2. A terminal connector assembly as in claim 1 wherein said cavities are arrayed in at least one row and wherein said terminal block includes plural upstanding partition walls each positioned between respective adjacent ones of said cavities.
3. A terminal connector assembly as in claim 2 wherein each said partition wall defines a recessed portion sized and configured to accept an insulated portion of said multiconductor cable to assist in retaining said end portions in electrical contact with said protruding end portions, as well as to prevent said contact portion from moving upon bending of said multiconductor cable.
4. A terminal connector assembly as in claim 1 further comprising a housing cover connected to said terminal block so as to cover the same, said housing cover comprising:
plural apertures formed in registry with said array of cavities; and
release means for permitting resilient displacement of at least one section of each said aperture relative to another section of each said aperture such that said one section is resiliently displaceable between (i) a gripping position wherein said one and another sections establish therebetween a lesser aperture dimension such that said one and another sections grip an insulated portion of said cable to retain said end portion in electrical contact with said contact portions of said terminal members, and (ii) a release position wherein said one and another sections establish therebetween a greater aperture dimension such that said insulated portion is released thereby permitting said cable end portion to be withdrawn from said terminal block.
5. A terminal connector assembly as in claim 4 wherein said release means includes means defining at least one peninsular member and hinge means for integrally connecting said peninsular member at a rear portion thereof to said housing cover, said peninsular member having a forward edge to define said one section in opposition to said another section, said hinge means for permitting resilient pivotal displacement of said forward edge about an axis established by said rearward portion in response to manual depression of said peninsular member wherein said one section is displaced from said gripping position and into said release position.
6. A terminal connector assembly as in claim 5 wherein said hinge means biases, due to its inherent resiliency, said peninsular portion into said gripping position.
7. A terminal connector assembly as in claim 6 wherein said peninsular member near said forward edge includes means for identifying said peninsular member and for assisting a user in manually displacing said peninsular member.
8. A terminal connector assembly as in claim 7 wherein said means for identifying is a protrusion upwardly projecting from said peninsular member.
9. A terminal connector assembly as in claim 7 wherein said means for identifying is a recess positioned adjacently parallel to said plural apertures.
10. A terminal connector assembly as in claim 4 wherein said release means includes means defining a pair of opposing peninsular members each having hinge means for integrally connecting said member at respective rear portions thereof to said housing cover, said peninsular members each having a forward edge opposite said respective rear portion such that a forward edge of one said peninsular member defines said one section and a forward edge of the other said peninsular member defines said another section, said forward edges of said pair of peninsular members adjacently facing one another so that said one and another sections establish said apertures, said hinge means for permitting resilient pivotal displacement of said forward edges of said pair of peninsular members about an axis established by said forward portion in response to manual depression of said pair of peninsular members wherein said one and another sections are displaced relative to one another between said gripping and release positions.
Description

This application is based upon Japan Application Nos. 60-2604 filed Jan. 11, 1985 and 60-4483 filed Jan. 14, 1985, the entire disclosure of each being expressly incorporated hereinto by reference.

FIELD OF THE INVENTION

The present invention generally relates to a terminal connector assembly for removably receiving end portions of a multicore or multiconductor flat cable typically utilized in electronic machinery and apparatus. More particularly, the present invention relates to a terminal connector assembly and a cover housing therefor in which a generally U-shaped terminal member includes a pair of opposing spaced-apart side arms to define a pair of inwardly protruding contact portions. The terminal connector assembly of the present invention is thus well suited for being manufactured in a compact size without deleteriously affecting its functional operability and thus maintaining higher reliability as compared to conventional connectors.

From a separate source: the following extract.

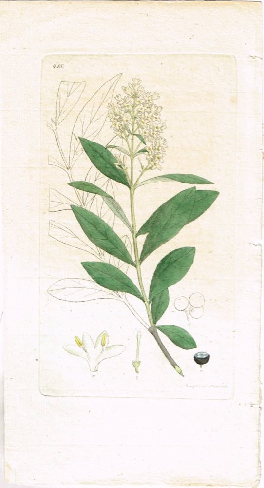 Pl. 415. (Liguster / Ligustrum Vulgare). Fra verket Svensk Botanik.

BACKGROUND OF THE INVENTION

Conventionally, terminal connectors are used which are fabricated so that a conductor exposed by stripping an end of a multicore or multiconductor flat cable can be inserted thereinto so as to establish electrical communication between the cable (and thus the components to which the cable is attached) and a substrate member (for example, a printed circuit board or the like).

One conventional terminal connector assembly 10 is shown in cross-section in accompanying FIG. 1. As can be seen, a terminal connector 12 is housed within terminal block 14. Terminal connector 12 includes a contact point 16 which is biased into electrical contact with the exposed end 18 of multiconductor cable 20. The terminal connector 12 at its end opposite to contact point 16 passes through housing 14 via aperture 22 and is soldered at solder connection 24 to substrate 26. Since the terminal connector 12 passes through the housing 14, it is thus susceptible of being contaminated with fluxing agents typically used during soldering of connector terminal 12 to the substrate 26. That is, fluxing agents may gain entry into cavity 28 of housing 14 via a clearance between the terminal connector 12 and aperture 22 thereby resulting in poor electrical contact when the fluxing agent reaches the contact point 16. Penetration of the fluxing agent into housing 2 thus represents a potential fatal defect to the conventional connector assembly 10 shown in FIG. 1 since there is only a single contact point 16 to establish electrical contact with exposed end 18 of multiconductor cable 20.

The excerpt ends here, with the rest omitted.